Around about the time I bring myself back to earth, an assistant comes to pluck out the pins. She tells me to take off my shirt and flip onto my stomach. The next thing I know, a man is attaching a line of suction cups from my shoulder to my bottom. Then he turns on the machine. If I weren't absolutely certain of the medical impossiblity, I would wonder if my organs might be sucked out, such is the force of this device. Later, I notice small Dad's oatmeal cookie sized purplish-blue hickies on my back. I really must remember to wear my hair down, lest someone think I've been up to something untoward.

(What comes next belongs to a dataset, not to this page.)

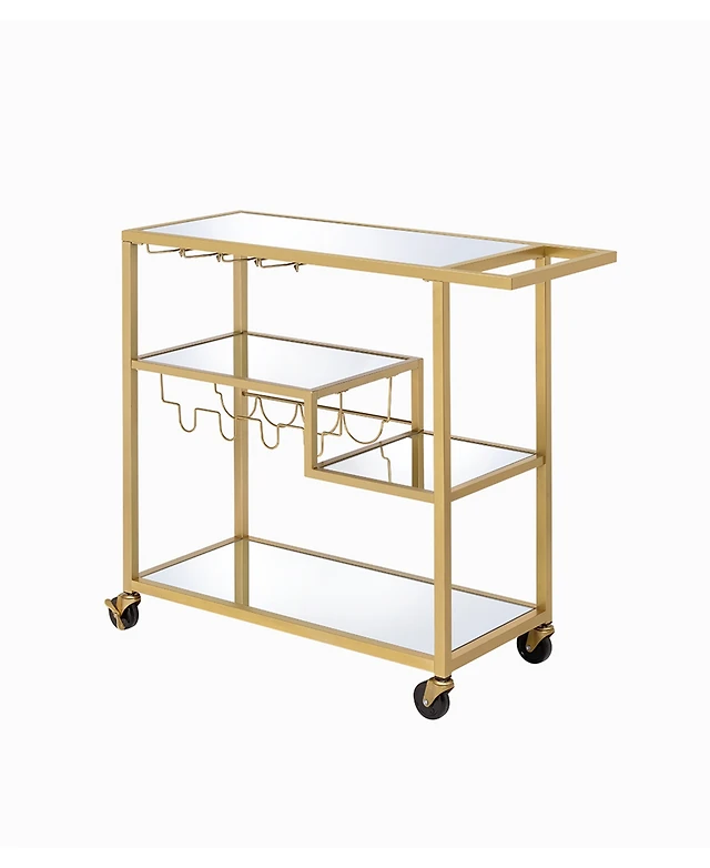 Gouun Outdoor Bar Cart Rolling Wicker Buffet Serving Cart with Tempered Glass Top Storage Cabinet and 8 Hooks

By now somewhat disoriented, I am sent up a Himalayan steep flight of stairs for more treatments. (I find the idea of several flights of stairs at a pain clinic outrageously amusing, but this is the norm in Gwangju. One rarely sees ramps or elevators. I wonder how the physically challenged manage?) In the upper clinic, I'm soon face down on another table with a twist of mechanical eels on my shoulder. This device doesn't only give a mini shock treatment, it also gives one the feeling of big centipedes marching artfully as it massages the injured area.
Already disoriented and without my glasses, I manage to give a real floor show getting onto and off of this table by banging my head into the metal overhead light that gongs and reverberates in spectacular fashion. The assistants giggle, then use their electronic translators to ask me, "Are you okay?" Once finished, I'm led to another table where I'm strapped into thigh high inflatable space boots. The young lady, who seems to find my antics incredibly amusing, struggles to zip up these marvels of science that are designed to fit Korean legs with thighs the size of my calves. The space boots feel much like the bands doctors use to determine blood pressure, as they inflate and deflate with a force that leaves me with some bruising. Korean massage is not for the faint hearted.
Just when I think I'm finished, I'm sent to yet another table for a back, neck, and shoulder massage. A young man pummels me as if cleaning clothes on a washboard at the riverbank. He pulls my arms so hard, I may leave here looking like a monkey, with hands by my knees. Each time I grunt, cough, or burst out laughing, he apologizes, but I assure him it's chullhunda (good), very chullhunda. I'm not lying when I say I wish I could take him back to Canada with me.
An hour and a half later, I emerge like one of those toys that crumble when you depress a button and pop back up when you let go. And all this for just 20,000 won, or about 16 dollars Canadian. Any one portion of the treatment would have cost double to triple that amount at home. Granted, Koreans do not have the incomes of North Americans, but even here, this is considered a pretty good deal.
I struggle to keep my eyes open until 9 p.m., and then stumble off to bed. Husband has been fast asleep for a couple of hours. Just visiting South Korea may prove to be our best fitness plan yet.